Sulfonyl fluorides have recently been described as “privileged warheads” in chemical biology due to the right balance of reactivity and stability that these electrophiles possess. Peptido sulfonyl fluorides (β-PSFs) have shown to be particularly potent as proteasome inhibitors in recent years. Tuning the reactivity of the sulfonyl fluoride electrophilic trap may be crucial for modulating its
biological action.
The first part of this thesis describes the design and synthesis of peptido sulfonyl fluoride derivatives containing a substituent on the alpha position with respect to the sulfonyl fluoride electrophilic trap. Therefore, the chemical reactivity and biological activity of α-substituted sulfonyl fluorides (αSFs) were studied. Comparison with the previously described β-substituted sulfonyl fluorides (βSFs) was performed as an attempt to get a deeper insight into the importance of the immediate structural environment of the sulfonyl fluoride moiety. αSFs proved to be more reactive than βSFs towards nucleophilic substitution, including hydrolysis.
However, it could not be clarified as yet if and how this is translated to the bioactivity of the resulting α-PSFs since the poor solubility of these molecules precluded a proper evaluation.
The second part of this thesis describes the synthesis of a vinyl sulfonyl fluoride moiety as a new dual warhead class. The consecutive attack of the two nucleophiles of the proteasome active threonine on the double bond and the sulfonyl fluoride was proposed as the inhibition mechanism which should lead to the formation of a seven-membered covalent adduct. In vitro studies were designed in order to test this hypothesis. Although the formation of the proposed
seven-membered ring structure could not be unambiguously demonstrated with the chosen model systems, the crystal structure confirmed this formation within enzymatic environment.
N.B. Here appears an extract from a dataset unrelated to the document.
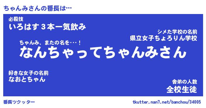| 意味不明あだ名 | 『ペロリンちゃんみ』『永久保存ちゃんみ』 |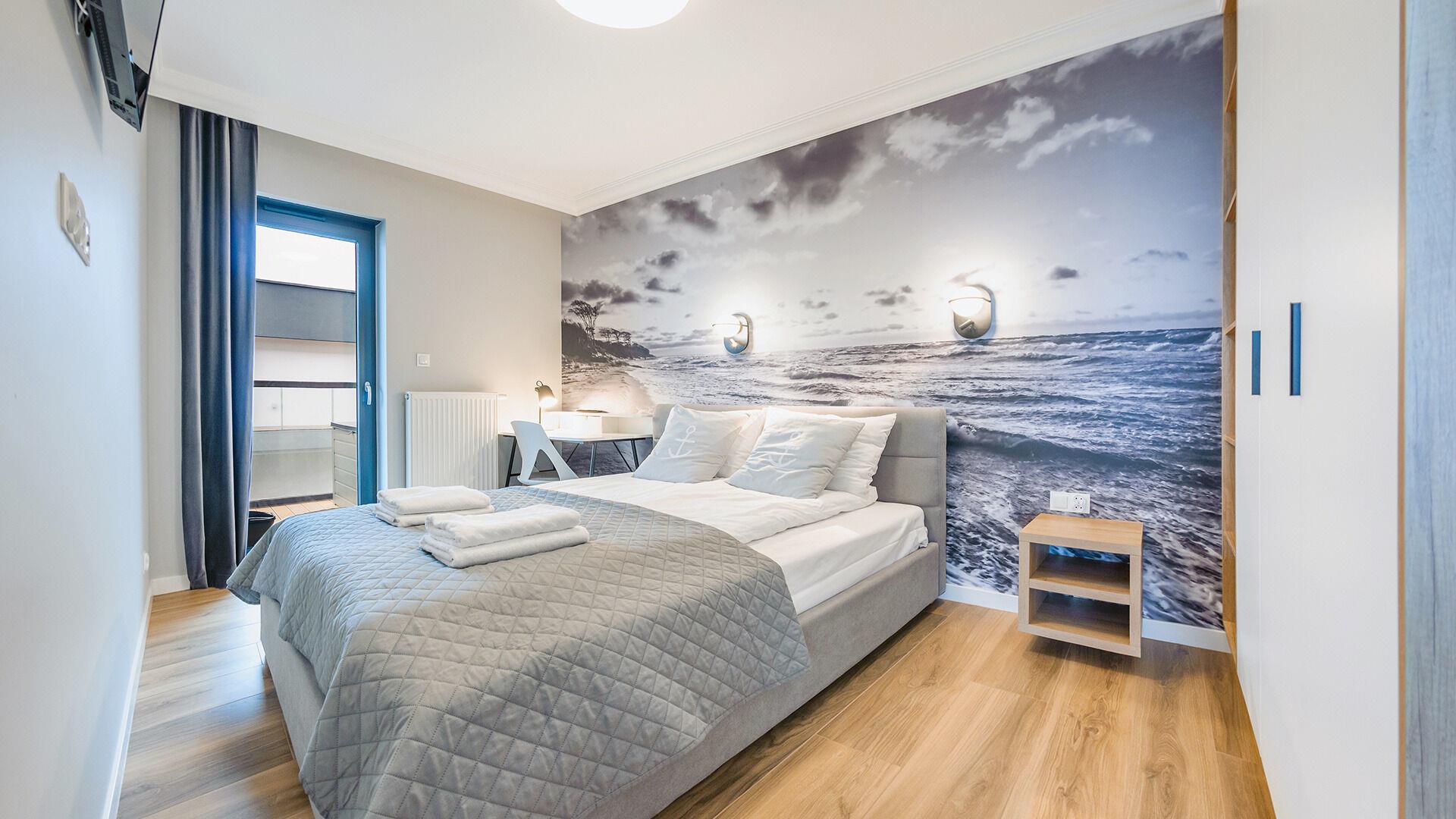 Nur 100 Meter trennen die Apartments vom breiten, sandigen Strand – ideal für Sonnenanbeter ebenso wie für ausgedehnte Spaziergänge entlang der Küste. Das Rauschen der Wellen und die frische Meeresbrise schaffen eine unvergleichliche Atmosphäre, die zur vollkommenen Entspannung einlädt.

Incorporation of vinyl sulfonyl fluoride warhead into peptide backbones (PVSF) resulted in strong proteasome inhibitors (IC50 = 99 and 218 nM).

Item Type: Thesis (PhD)
Qualification Level: Doctoral
Additional Information: Herrero Alvarez, N.; van de Langemheen, H.; Brouwer, A. J.; Liskamp, R. M. J. "Potential peptidic proteasome inhibitors by incorporation of an electrophilic trap based on amino acid derived α-substituted sulfonyl fluorides" Bioorganic Med. Chem. 2017, 25 (19), 5055-5063. Herrero Alvarez, N.; Brouwer, A. J.; Ciaffoni, A.; van de Langemheen, H.; Liskamp, R. M. J. “Proteasome inhibition by new dual warhead containing peptido vinyl sulfonyl fluoride” Bioorganic Med. Chem. 2016, 24 (16), 3429–3435.
Keywords: sulfonyl fluorides, vinyl sulfonyl fluoride, proteasome, inhibitors.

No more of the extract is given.